Managing Conflict Effectively
Conflict has become more of an acquired taste for me as my career has progressed. My wife often characterizes me as a pushover and when our children were young I was the parent they always approached when they wanted something their mother would not allow.
I wrote a metaphorical post about those who are invertebrates when dealing with conflict and there have been times in my life when I was one of those spineless types who would not stand up and push back when needed.
During the past 2+ years, I have spoken more on conflict than I have done at any prior time in my life. Many times in my career I have trained others about conflict using the TKI, the Thomas-Kilmann Instrument. This assessment helps people understand their preferred way of dealing with conflict and it also breaks down interactions into two dimensions, assertiveness and cooperativeness. Using these axes the instrument breaks conflict down as follows:
- Low assertiveness and Low cooperation: Avoiding
- Low assertiveness and High cooperation: Accommodation
- Medium assertiveness and Medium cooperation: Compromising
- High assertiveness and Low cooperation: Competing
- High assertiveness and High cooperation: Collaboration
Understanding your preferred style can help you know what to look for when conflict arises. Knowing the other styles helps you know what you can do in order to modify your style when needed.
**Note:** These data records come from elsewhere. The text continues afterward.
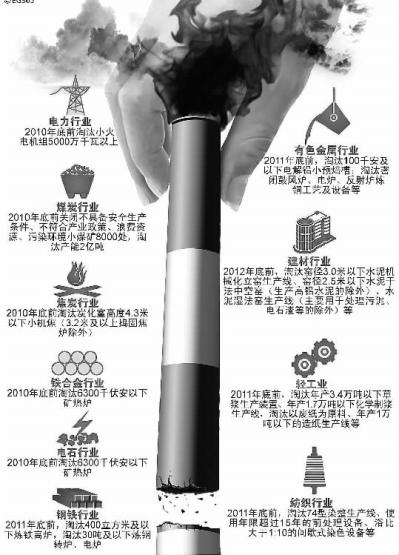 ●双项目标:淘汰落后产能既是当前中国经济面临的一项紧迫性工作,又是一项长期的战略任务。一方面,节能减排目标年底要兑现,必须加快落后产能的淘汰速度;另一方面,落后产能与产业结构优化、发展方式转变背道而驰,谋求可持续发展必须将落后产能淘汰出局。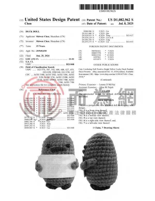 25-cv-1815、25-cv-1818 国人原告连发两案!可能涉及这两项专利,同款针织玩偶速排查下架!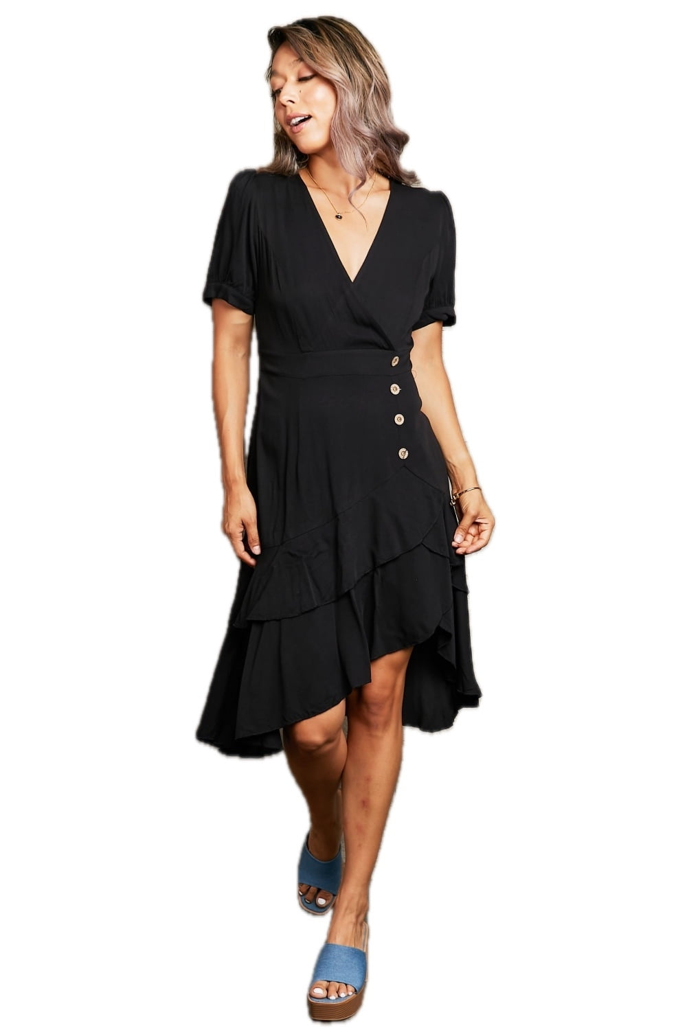 Women's Dress with Decorative Button Surplice and Ruffle Hem V Neck Knee Length Short Sleeve 100% viscose Chic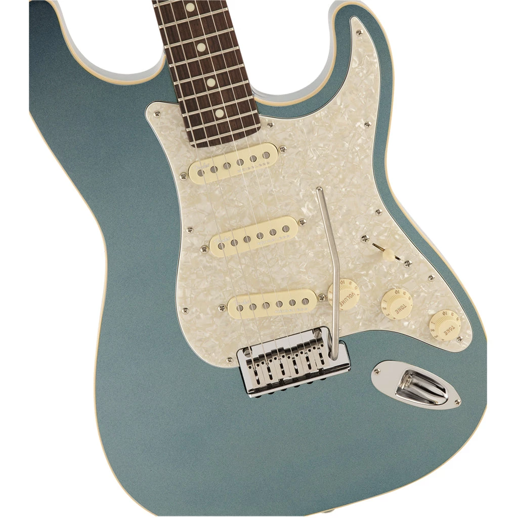 The Modern Series is the latest Made-in-Japan product line developed to provide the highest level of playability and tone to modern players with significantly playing skills. The high quality 3-ply alder body feature a sleek, stylish design, and the selected rosewood fingerboard neck is equipped with luminous side position dot inlays for improved visibility on stage. The new heel cut design and compound radius both contribute to enhanced playability, with smooth access to higher frets. Locking tuners provides tuning stability, and the bridge is equipped with a pop-in arm/two-point tremolo. 4th Generation Noiseless pickups deliver superior clear tone while reducing unwanted noise. Enjoy the next-generation Stratocaster® armed with cutting edge modern specifications. Deluxe Gig Bag included.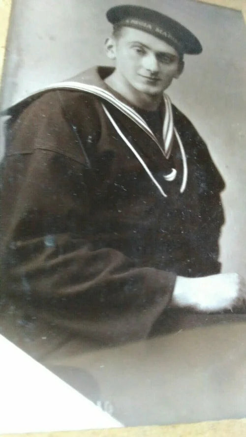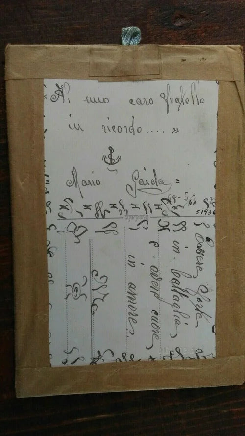 Bella fotografia raffigurante un marinaio della Regia Marina Italiana incorniciata d'epoca, messa sotto vetro e bordata con nastro telato, tutto d'epoca.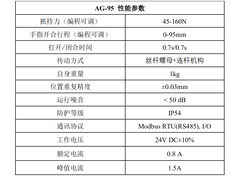 大寰AG-95夾爪性能參數(shù):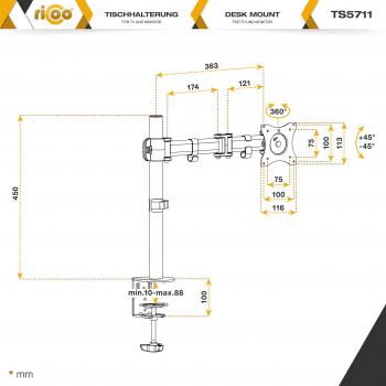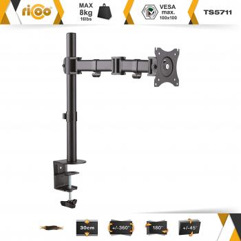 Supporto da tavolo RICOO TS5711 con braccio girevole e inclinabile, adatto a schermi 12‑29″ (30‑74 cm) e VESA 75x75/100x100. Regola l’altezz ...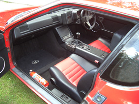 late model with black leather seats and the same metallic red as the Le Mans.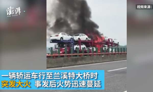5月26日,湖北黄冈,一辆由广东开往北京的轿运车行驶至浠水县兰溪特大桥上时突发大火并迅速蔓延,约半小时后轿运货车及其运载的9辆轿车全被烧成空壳。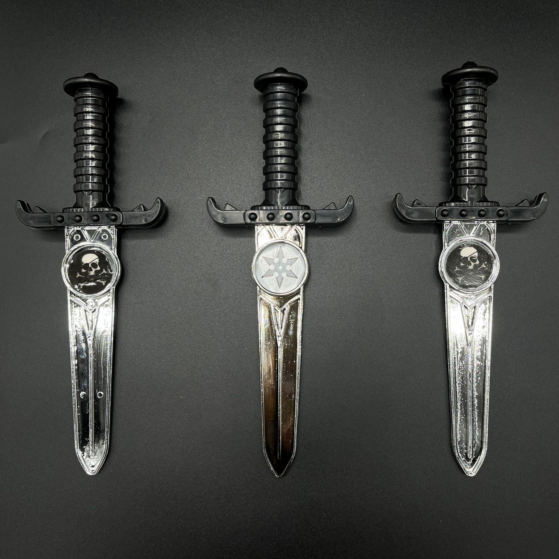 跨境热卖塑料电镀刀剑海盗刀匕首万圣节表演武器道具玩具骷髅刀剑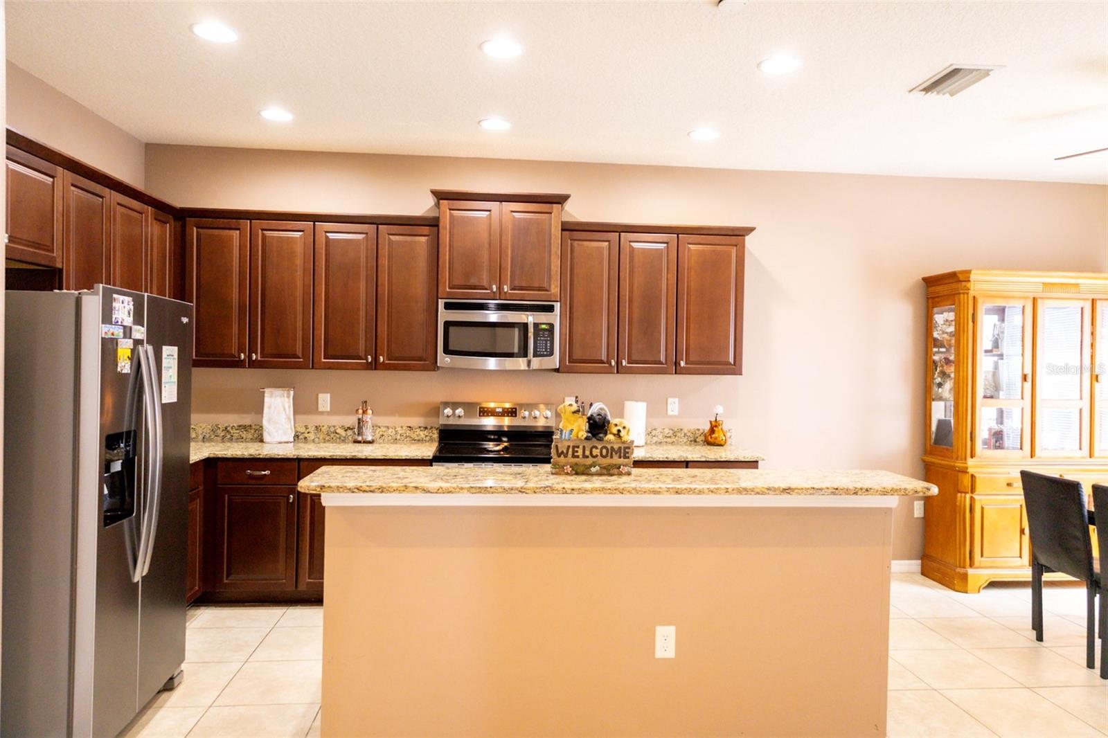 Discover this beautifully updated single-story retreat, blending style, comfort, and peace of mind with major recent improvements. This home boasts a new 2025 shingle roof, a freshly painted exterior, new PVC fencing enclosing the entire yard — perfect for privacy and outdoor living. Inside, comfort continues with newer laminate flooring in the bedrooms and an air conditioning system that was replaced in 2021, which offers efficiency and reliability. Step into the heart of the home — a gourmet kitchen designed to inspire. Granite countertops, rich wood cabinetry, and stainless steel appliances pair elegance with functionality, while the open-concept design ensures seamless flow for entertaining or quiet evenings at home. The home’s main bedroom features 2 walk-in closets which would accommodate any fashionista’s wardrobe. Practical perks include a spacious two-car garage, included washer and dryer, and a warm neighborhood atmosphere with no CDD fees. Whether it’s weekend gatherings, family time, or simply unwinding in your private oasis, this home is move-in ready and waiting for you. Don’t miss out — schedule your private showing today and make this beautifully upgraded gem yours!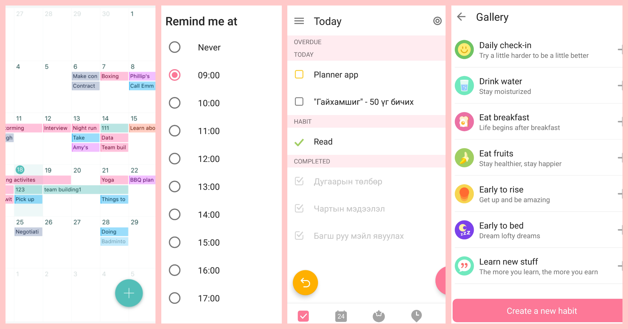 Олон хүмүүс орой унтахаасаа өмнө маргааш хийх ажлаа төлөвлөдөг гэж бодож байна. Би ч тэдгээр хүмүүсийн нэг нь... Гэхдээ саяхнаас “TickTick” нэртэй төлөвлөгч аппликейшн ашигладаг болсон. Заримдаа бид толгойдоо төлөвлөсөн зүйлээ мартчихдаг бол заримыг нь зүгээр л шалтгаангүйгээр хийхгүй орхичихдог шүү дээ. Харин энэ аппликейшныг хэрэглэж эхэлснээс хойш цагийг их л үр бүтээлтэй өнгөрүүлдэг болсон. Сэтгэл дагаад тэр юм уу гэвэл ҮГҮЙ ээ. Учир нь энэ аппликейшн миний төлөвлөсөн ажлын гүйцэтгэл болон дутуу үлдээсэн ажлыг улаанаар тэмдэглээд гаргаад ирдэг. Тийм болохоор бүх төлөвлөсөн зүйлээ аль болох хугацаанд нь хийхийг хичээдэг болсон доо. Бүх зүйлээ төлөвлөж, эмх цэгцтэй байх нь хэчнээн амар байдаг гээч!
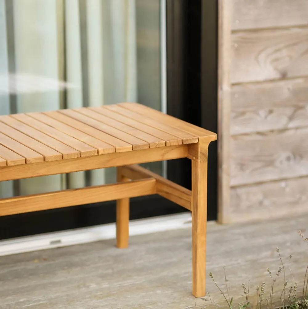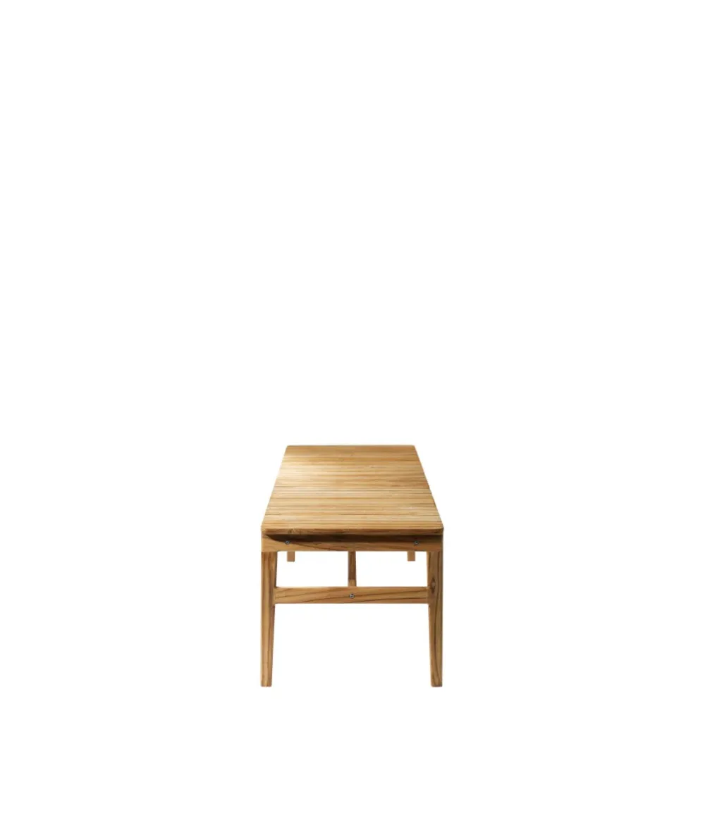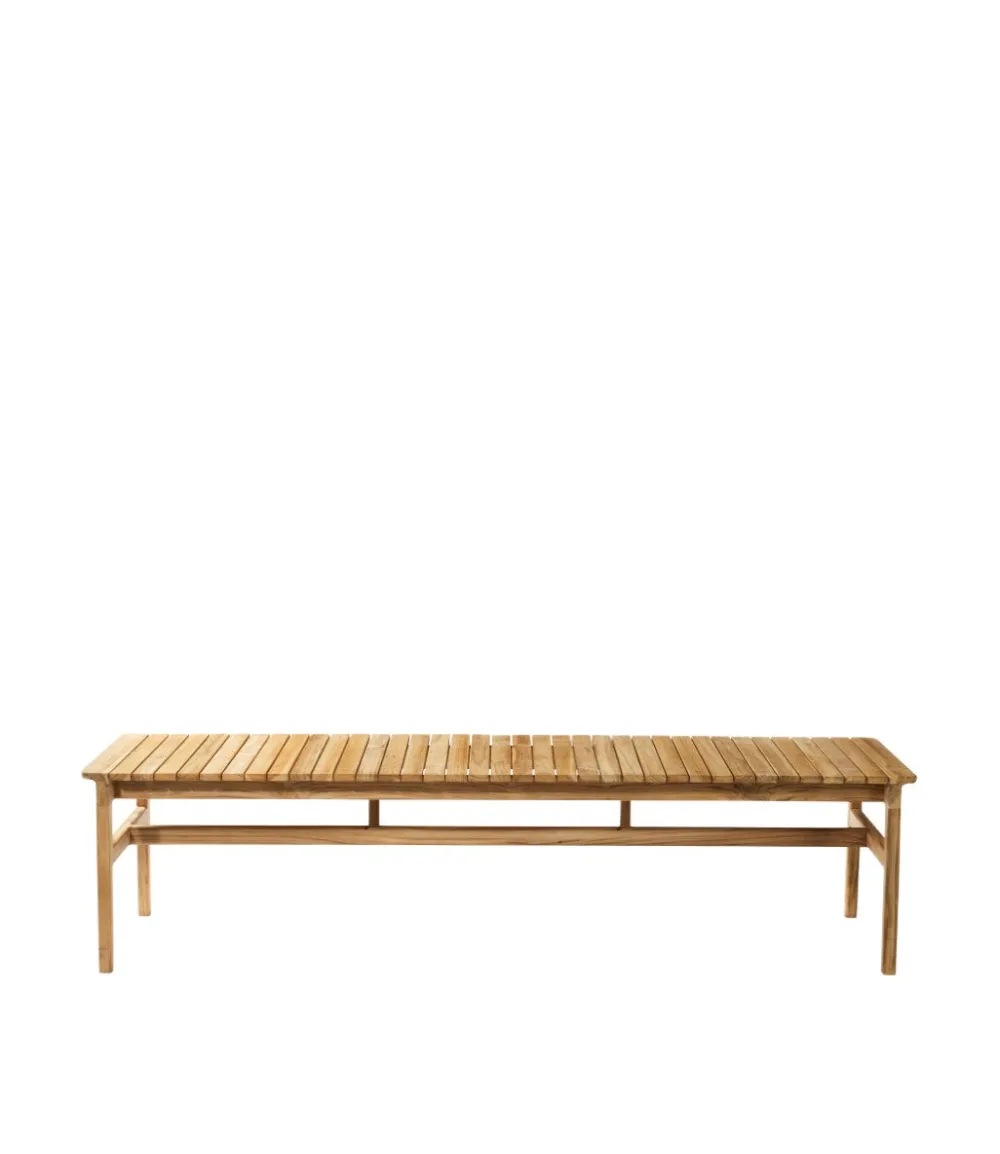 Bænken uden ryg og armlæn kan bruges sammen med spisebordet, men også til andre formål. Man kan ligge og slappe af på den, bruge den som siddeplads i et hjørne af haven eller bare som et underlag til at stille ting på. Bænken matcher de andre møbler i Sammen-serien, som spisebordet, loungestolen og fodskamlen, men skiller sig alligevel ud med sit minimalistiske look og sine rene linjer.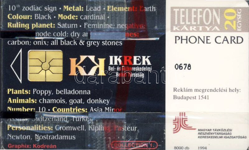1994 Csillagjegyek: Ikrek 20 egységes telefonkártya bontatlan csomagol... https://www.darabanth.com/de/101-Fernauktion/101.0/Andere-Sammelgebiete/~309/1994-Csillagjegyek-Ikrek-20-egyseges-telefonkartya-bontatlan-csomagolasban~II239290
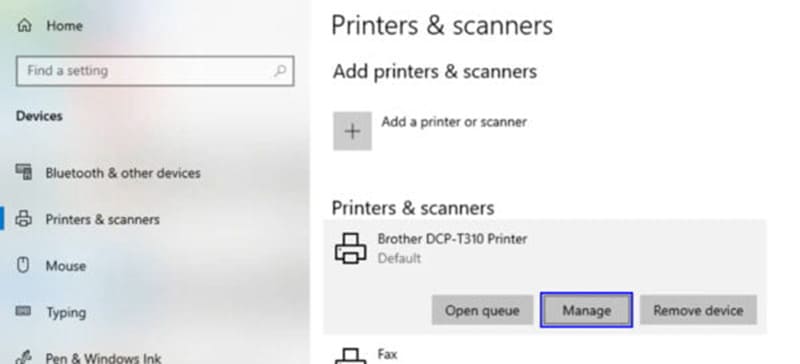 Bước 2: Tìm máy in Brother trong danh sách thiết bị > nhấp chuột phải > chọn Manage.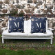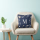 Coussin Marine bleu crème fleur motif rétro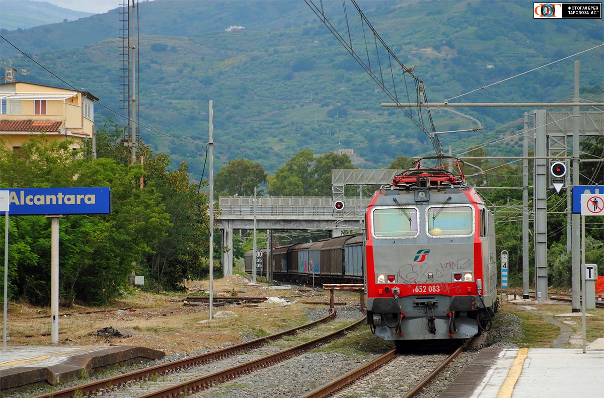 | Электровоз Е652 083 с грузовым поездом, Сицилия, станция Алькантара, Италия Автор: trainagain | Фото сделано 2.VI.2019, опубликовано 5.IX.2019.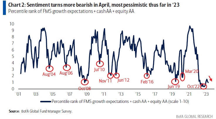 不过,美国银行策略师Michael Hartnett在报告中写道,市场情绪转向极度悲观是风险资产走向“反转趋势”的重要信号。他表示:“如果投资者普遍认为经济衰退的渴望在第二季得不到满足,那么‘痛苦交易’将是美债收益率和美股银行股大幅度上扬。”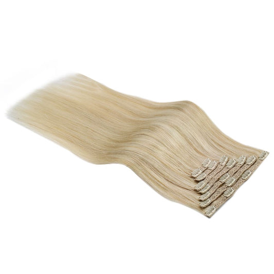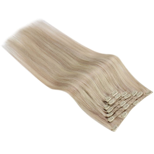 Ash Blonde Highlighted Color Clip in Human Hair Extensions #18/613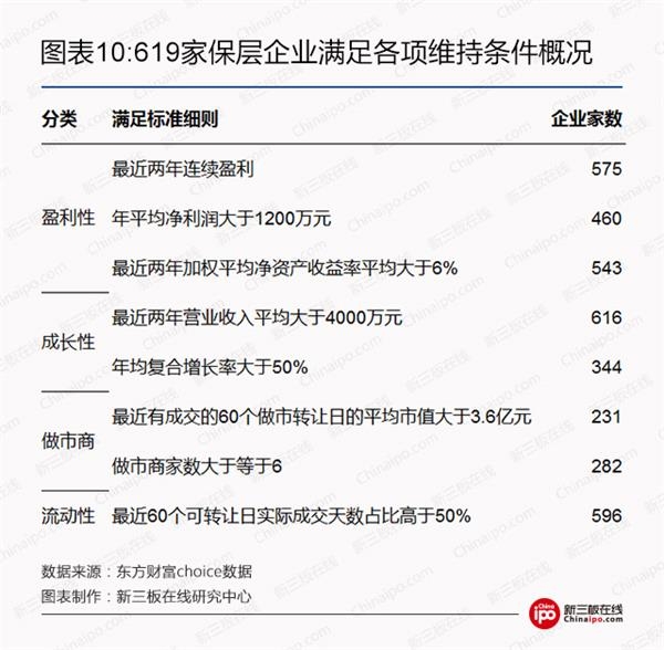 当然,大多数公司不只是满足其中一天。新三板在线研究中心根据东方财富choice数据统计发现,同时满足两个分层标准条件的保层公司多达582家。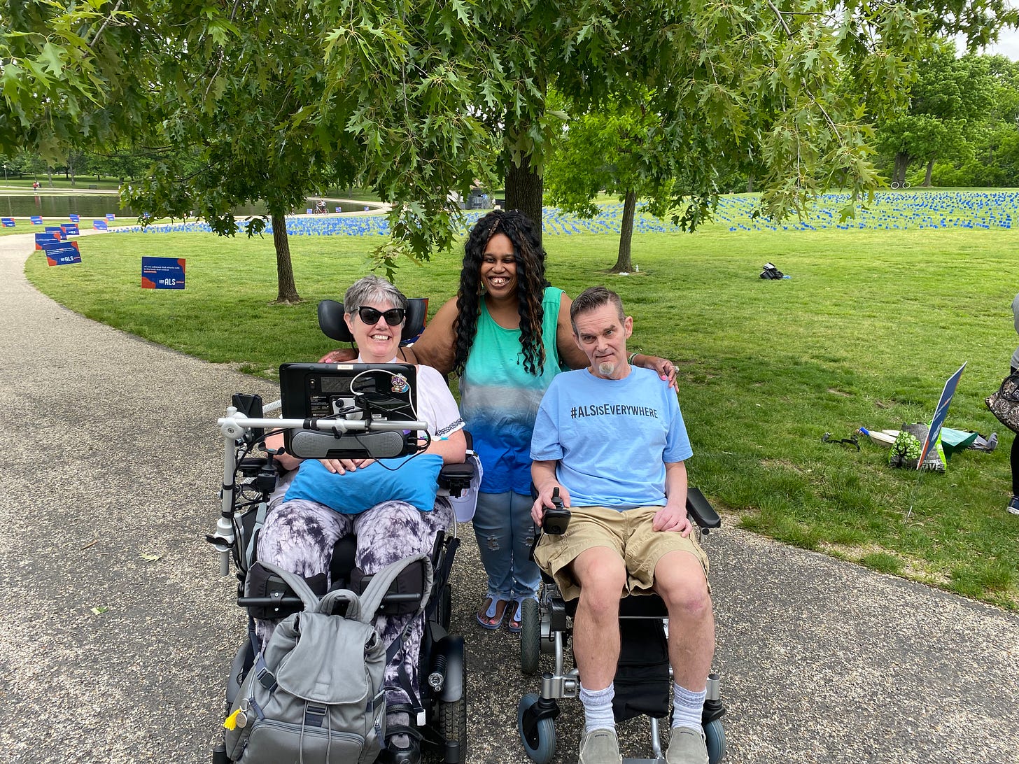 For two years I advocated with I AM ALS serving on five of their seven teams. All of the meetings were held over zoom so I hadn’t met anyone in person yet. The Flag event would’ve been a perfect opportunity, but I couldn’t afford it.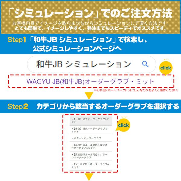 野球グローブ専門店ムサシは、和牛JB(wagyu JB)のオーダーグラブを取り扱っております。野球・ソフトボールのグローブオーダーを種目ごとに硬式用、軟式用、ソフトボール用、ポジションごとに投手用(ピッチャー用)、内野手用、外野手用、キャッチャーミット、ファーストミット、左投げ用(左利き)などを選んでオーダーすることができます。グローブのサイズや色のルールなど、分からないことがありましたらお気軽にご相談ください。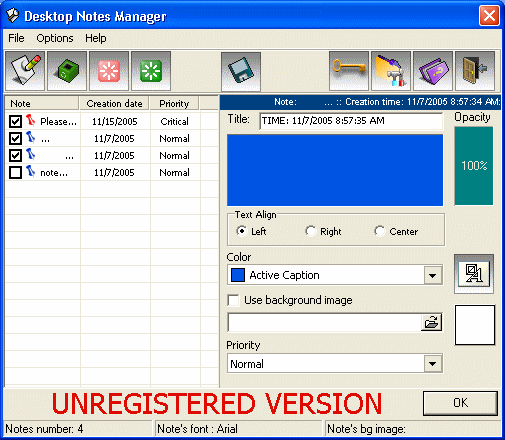 Windows desktop of running Desktop Notes. User Guide and FAQ - More Details |

Conflict is something I have become more comfortable with as I have gotten more comfortable running my own business. As I gained more experience with my work I learned how to become more assertive when the situation demanded me to do so. I would never characterize myself as pushy, but I can be much more persistent now than at earlier stages in my career.
Which style best describes you?
Which style is the most challenging for you?
Leaders need to become comfortable with other styles and also need to recognize the styles of others who work with and for them.